SZNYF & Anor v Minister for Immigration and Citizenship
[2013] HCASL 126
SZNYF & ANOR
v
MINISTER FOR IMMIGRATION AND CITIZENSHIP & ANOR
[2013] HCASL 126
S52/2013
The applicants, who are husband and wife, are citizens of China. Following their arrival in Australia they applied for protection visas. The protection claims were those made by the wife. She claimed to have a well-founded fear of persecution based on her Catholic faith.
A delegate of the first respondent refused the applications on 29 April 2009. That decision was affirmed by the Refugee Review Tribunal ("the Tribunal") on 25 August 2009. That determination was quashed by the Federal Court of Australia on 10 August 2010 and the review was remitted to the Tribunal for reconsideration.

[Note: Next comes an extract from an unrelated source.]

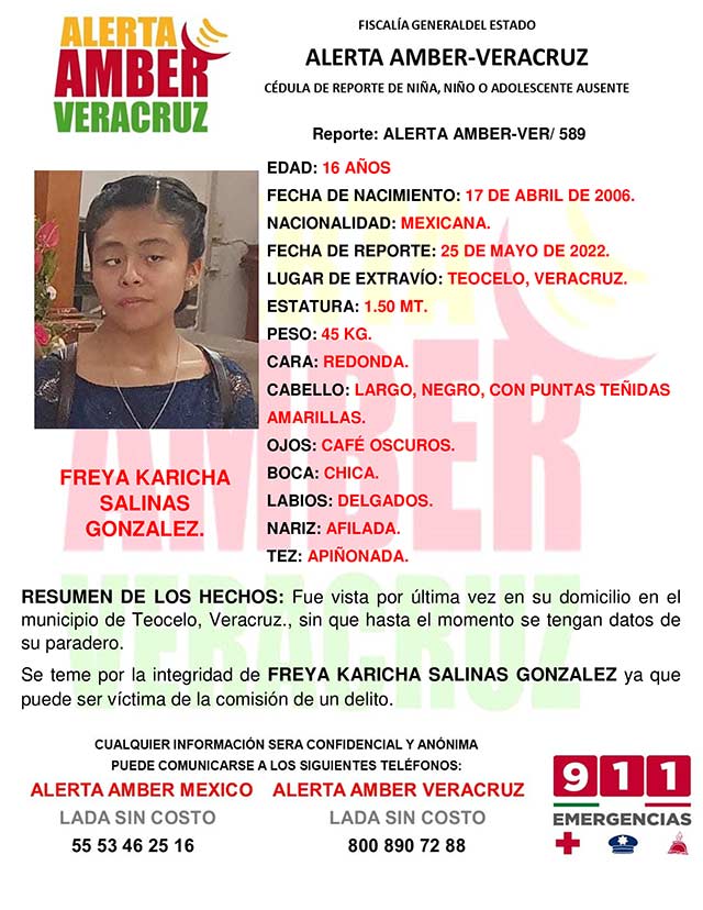 El programa Alerta Amber Veracruz, solicita su colaboración para la activación de la cédula Alerta Amber-Ver 589, para la búsqueda de la adolescente KARICHA SALINAS GONZALEZ, de16 años de edad.

On 2 December 2011, the Tribunal (differently constituted) again affirmed the decision of the delegate. The Tribunal did not accept that the first applicant was a member of an "underground" Catholic Church in China. It pointed to inconsistencies between her account to the delegate and her evidence before the Tribunal.
The applicants applied for judicial review of the Tribunal's determination in the Federal Magistrates Court (Cameron FM). They asserted that an incomplete paragraph (par [300]) in the Tribunal's statement of its reasons disclosed jurisdictional error. The paragraph contained a summary of the first applicant's evidence of an incident in which she claimed to have suffered a head injury with resulting memory loss. The paragraph concluded with a statement "[t]he Tribunal does not accept that this incident took place because". The applicants submitted that a reasonable observer might conclude that the Tribunal had rejected the first applicant's evidence without having formulated reasons for that rejection[1]. Cameron FM considered that the incomplete paragraph was merely a typographical error and that the Tribunal's reasons as a whole revealed "a thoughtful examination of the applicants' claims, inconsistent with arbitrary decision-making"[2]. His Honour dismissed the application.

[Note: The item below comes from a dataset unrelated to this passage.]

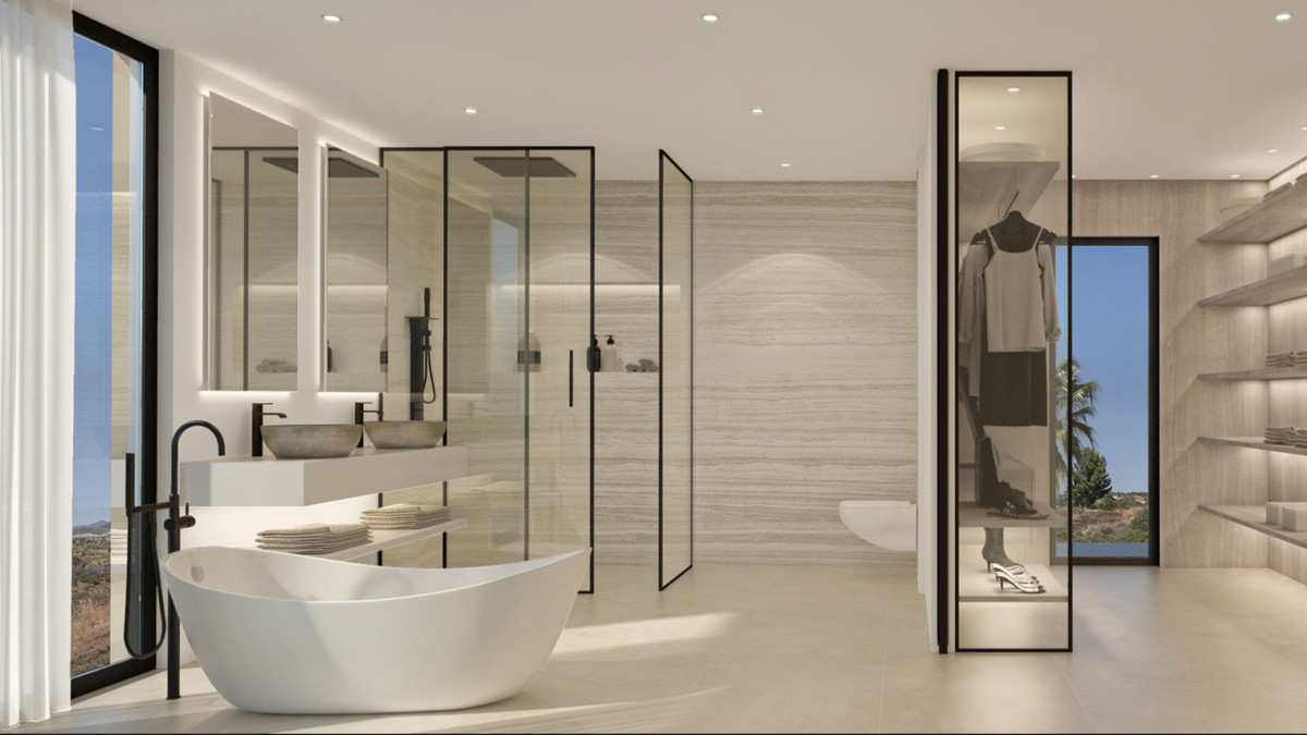 On the first floor there is a master bedroom with an en-suite bathroom and a spacious walk-in dressing room that has a spectacular terrace with views over the green hills of Mijas and the Mediterranean Sea. There is also an additional guest bedroom with an en-suite bathroom and a private terrace overlooking the sea.

[1]SZNYF v Minister for Immigration [2012] FMCA 1034 at [31].
[2]SZNYF v Minister for Immigration [2012] FMCA 1034 at [34].
An appeal to the Federal Court of Australia (Nicholas J) was dismissed.

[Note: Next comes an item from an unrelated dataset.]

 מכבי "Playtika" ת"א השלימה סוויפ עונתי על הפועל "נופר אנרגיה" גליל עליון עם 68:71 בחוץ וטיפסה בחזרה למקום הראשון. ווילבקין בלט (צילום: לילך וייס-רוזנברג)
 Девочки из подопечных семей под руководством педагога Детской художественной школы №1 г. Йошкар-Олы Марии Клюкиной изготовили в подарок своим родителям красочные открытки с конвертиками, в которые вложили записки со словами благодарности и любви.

The applicants apply for special leave to appeal. Their written case is directed to the assertion that the incomplete paragraph evidenced jurisdictional error. Nicholas J correctly rejected that submission. The Tribunal expressly rejected the first applicant's evidence concerning her claimed head injury and gave detailed reasons for rejecting her evidence more generally. If special leave to appeal were granted, the appeal would have no prospect of success.
The application is dismissed.
Pursuant to r 41.10.5 we direct the Registrar to draw up, sign and seal an order dismissing the application.